Table 4.
Enhancement of GSH Nucleophilicity by Grx isoformsa
| substrate | Grx isoform |
k(−Grx) (µM−1min−1) |
k(+Grx) (µ M−1 min−1) |
rate enhancement |
enhancement due to ΔpKa (4ΔpKa) |
additional enhancement of nucleophilicity |
|---|---|---|---|---|---|---|
| GSH | hGrx1 | 143 ± 8 | (2.58 ± 0.8) × 106 | (1.85 ± 0.9) × 104 | 1024 | 18.1 |
| hGrx2 | 140 ± 8 | (2.86 ± 0.5) × 105 | (2.0 ± 0.3) × 103 | 256 | 7.8 | |
| Cys–Gly | hGrx1 | 98.1 ± 9 | (1.51 ± 0.03) × 105 | (1.54 ± 0.03) × 103 | 1024 | 1.5 |
| hGrx2 | 98.1 ± 9 | (3.11 ± 0.6) × 104 | 318 ± 59 | 256 | 1.2 |
Time-dependent release of [3H]GSSG from [3H]BSA–SSG was assessed as described in Experimental Procedures. Reaction mixtures contained 0.1 M AMPSO buffer (pH 9.5), GSH or cysteinyl glycine (Cys–Gly) (0.25 mM final concentration), and Grx (3–9 nM).
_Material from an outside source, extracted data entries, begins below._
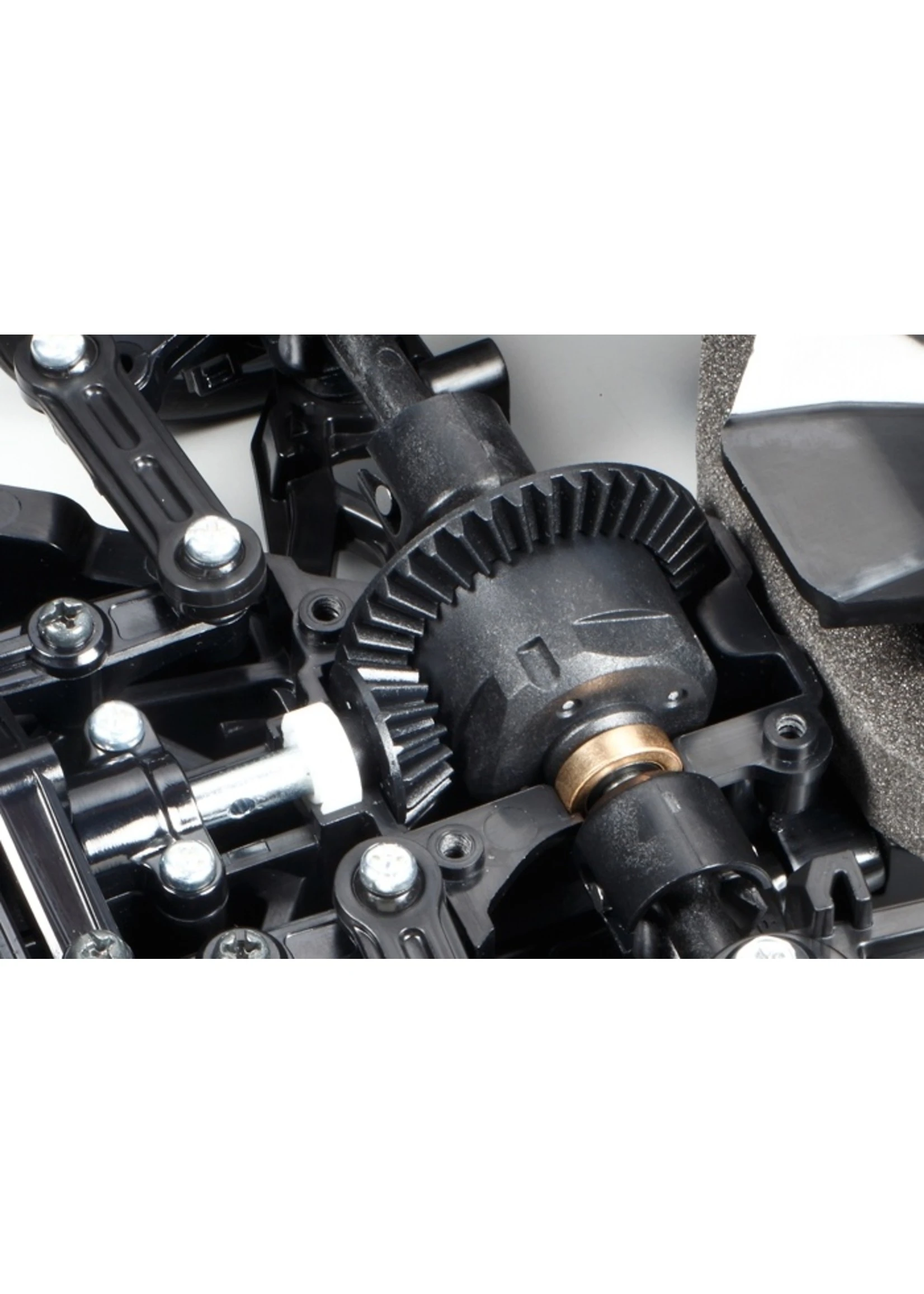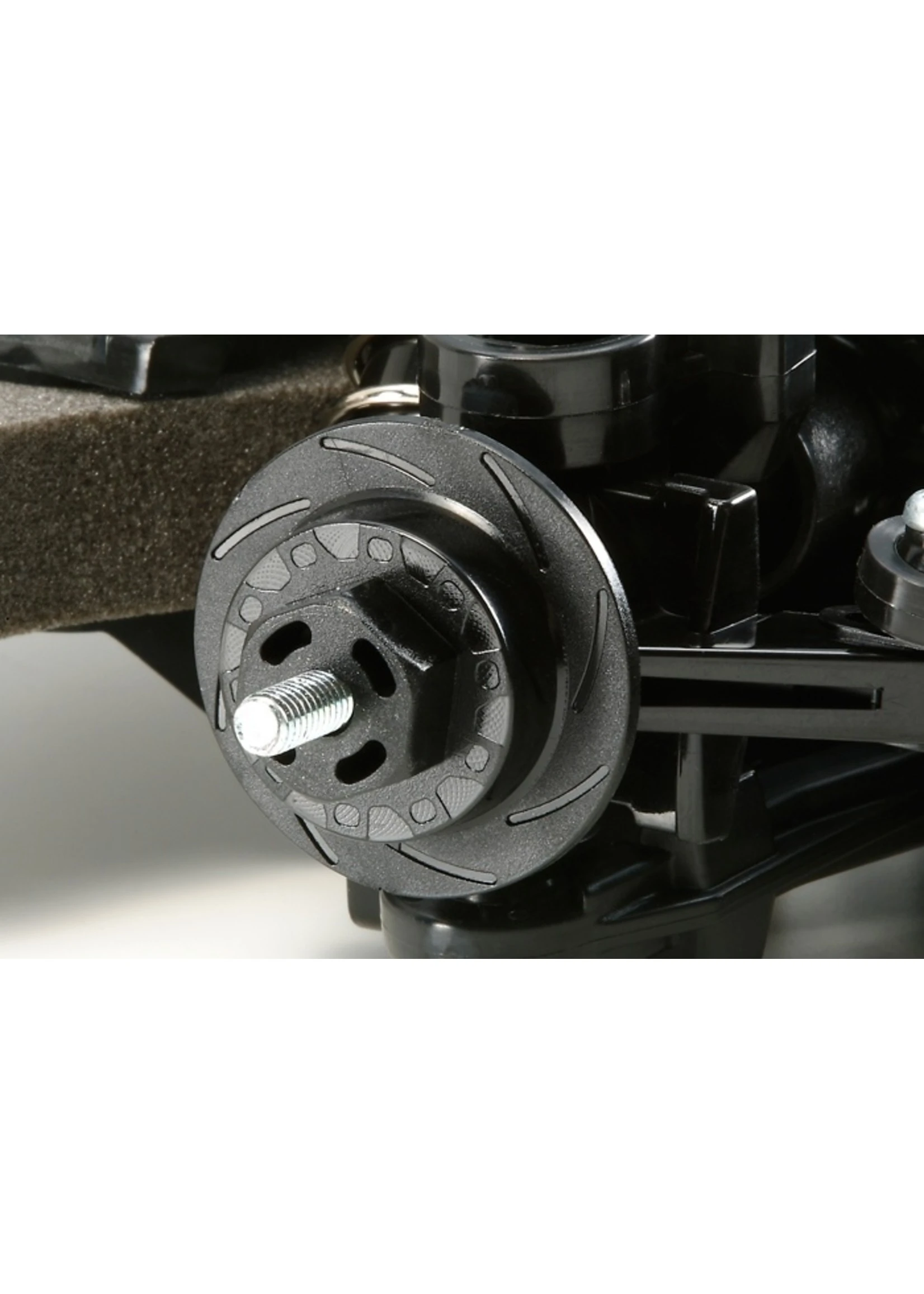 The shaft-driven 4WD TT-02 chassis employs a longitudinal layout with the battery on the left and the motor on the right, to give excellent stability. In addition, it features identical left and right suspension arms and uprights for ease of assembly, plus easy-to-maintain gearboxes. It is a highly adaptable chassis, as it offers 2 different wheelbases, 2 ground clearance settings and 2 tread set-ups in addition to a range of 10 possible gear ratios. It is not short on looks either, with brake disc-shaped wheel hubs and stylish front bumper supports. Black 12-spoke wheels are paired with slick tires for a racy finish.
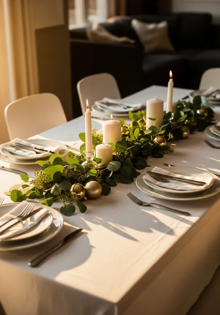 This minimalist Christmas dining setup is all about calm elegance. A crisp white tablecloth sets the tone, while lush eucalyptus branches stretch gracefully along the center, paired with simple white candles and a few soft gold ornaments for a hint of holiday shimmer. The symmetry, clean lines, and soft candlelight make the whole table feel both cozy and sophisticated, perfect for an intimate dinner that still feels festive.
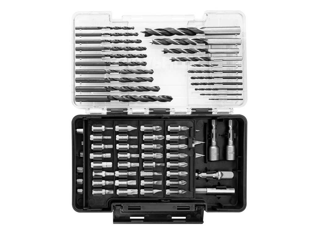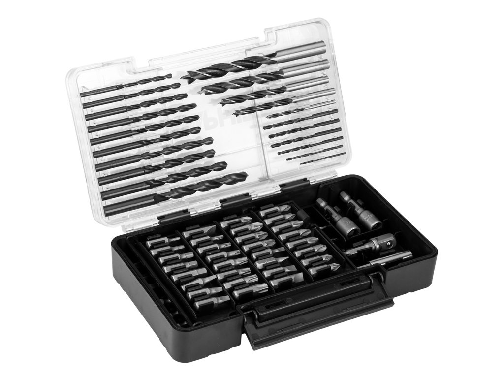 Sada vrtáků a bitů, nástrčné hlavice, 66 kusů 56H619 od společnosti GRAPHITE je komplexní sada nářadí a příslušenství sestávající ze 66 kusů. Obsahuje 16 kusů spirálových vrtáků HSS s povrchovou úpravou černým oxidem, velikosti: 1,5, 2, 2,5, 3, 3, 3,2, 3,5, 4, 4,5, 4,8, 4,8, 5, 5,5, 6, 6,5, 8 mm. Dále je vybaven 5 kusy vrtáků do dřeva z oceli C45 a černého oxidu (3, 5, 6, 8, 10 mm), 3 kusy plochých vrtáků do dřeva, také z oceli C45 (13, 19, 25 mm) nebo 32 kusy vrtáků 25 mm. Souprava GRAPHITE obsahuje také magnetický maticový vrták ve dvou kusech (6, 8 mm), magnetickou rukojeť z oceli C45 a praktický adaptér pro nástrčnou hlavici 3/8".

Enzyme and substrate concentrations were within the range of linear dependence (determined in separate experiments). Second-order rate constants (M−1 min−1) for deglutathionylation were calculated as described by Srinivasan et al. (17), i.e., rate of GSSG release = k[BSA–SSG][RSH] (for the uncatalyzed reaction) or k[Grx–SSG][RSH] (for the catalyzed reaction). Final GSH and Cys–Gly concentrations at pH 7.5 were calculated according to their pKa values [GSH = 8.7, Cys–Gly = 8.8 (17)]. Rate constants represent averages of three to seven determinations ± the standard error.